→ **Recorded information**
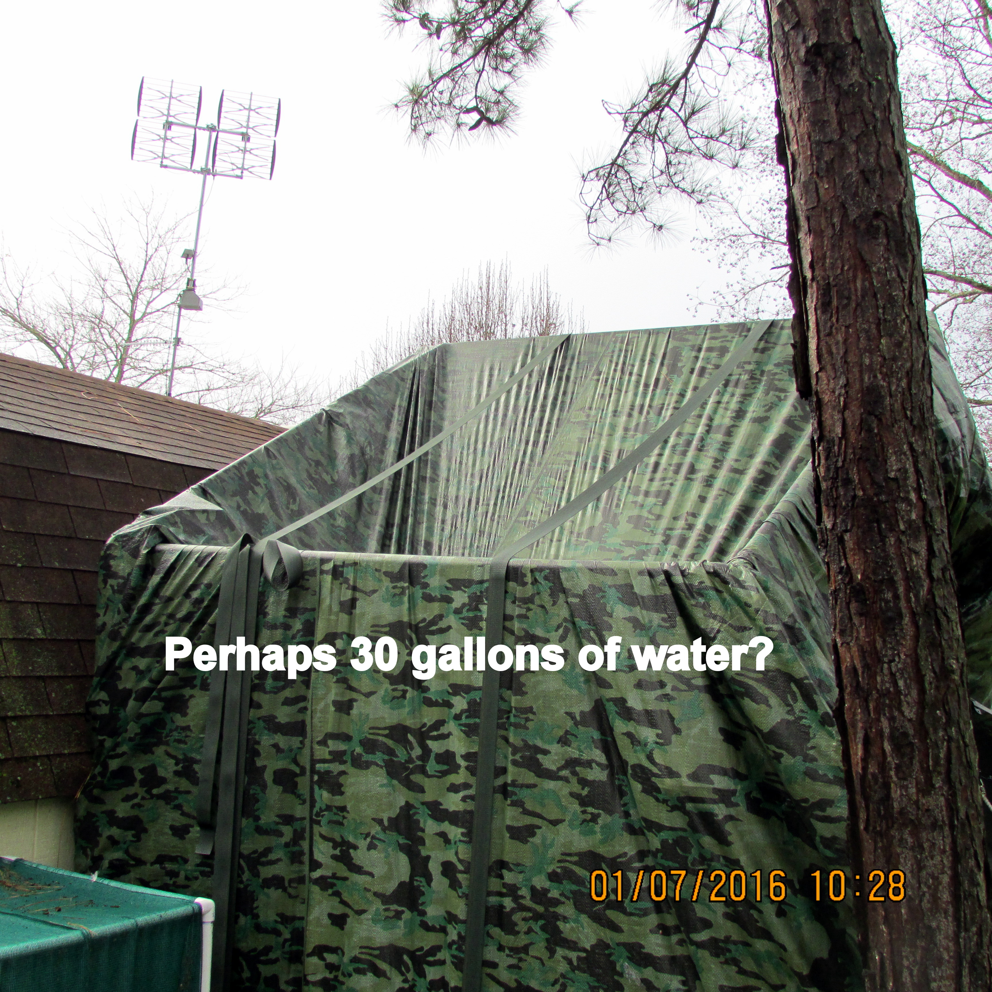 One of the CARE volunteers came to my rescue. It was too heavy, I couldn’t push the water off the tarp roof. ~~ Next time (if there is a next time) I’ll set up a ladder and dip out most of the water. Eventually, I’ll have another long “tie down” across the pipe frame on the inside. It would be a major task now because the plants, shelves, and table would have to be removed so we had access. ~~ During the morning, I swept leaves, cleaned and filled bird feeders, and removed covers from the plants (soaking wet covers).
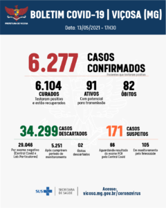 A Vigilância Epidemiológica confirmou mais dois óbitos e 39 novos casos de Covid-19, nesta quinta-feira, 13. Agora, Viçosa contabiliza 6.277 confirmações, sendo que 6.104 pessoas já se recuperaram. São 91
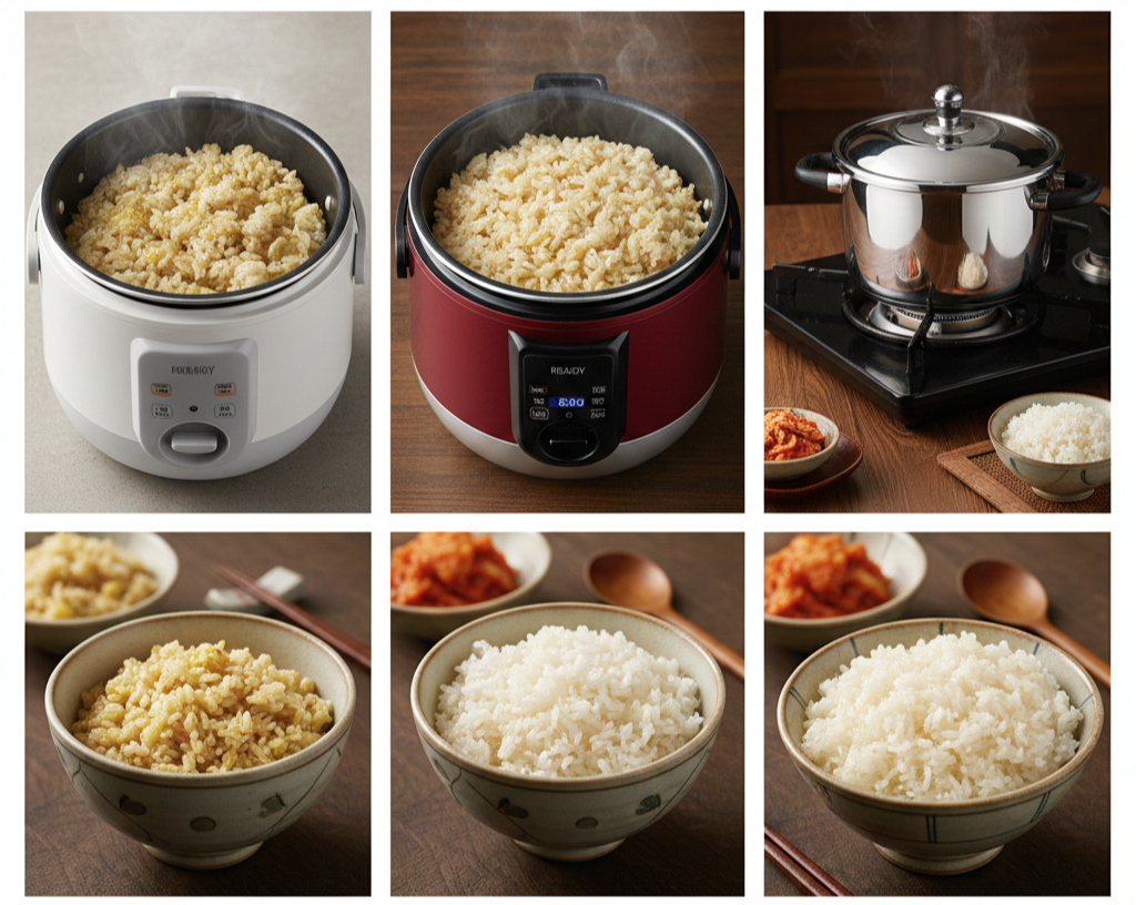 🍚 1. 일반 전기밥솥 (열판 비압력 방식): 뭉치고 냄새나는 이유

→ **Activity**
Output the material above exactly as written and drop any images it holds.

→ **Exercise solution**
 One of the CARE volunteers came to my rescue. It was too heavy, I couldn’t push the water off the tarp roof. ~~ Next time (if there is a next time) I’ll set up a ladder and dip out most of the water. Eventually, I’ll have another long “tie down” across the pipe frame on the inside. It would be a major task now because the plants, shelves, and table would have to be removed so we had access. ~~ During the morning, I swept leaves, cleaned and filled bird feeders, and removed covers from the plants (soaking wet covers).
 A Vigilância Epidemiológica confirmou mais dois óbitos e 39 novos casos de Covid-19, nesta quinta-feira, 13. Agora, Viçosa contabiliza 6.277 confirmações, sendo que 6.104 pessoas já se recuperaram. São 91
 🍚 1. 일반 전기밥솥 (열판 비압력 방식): 뭉치고 냄새나는 이유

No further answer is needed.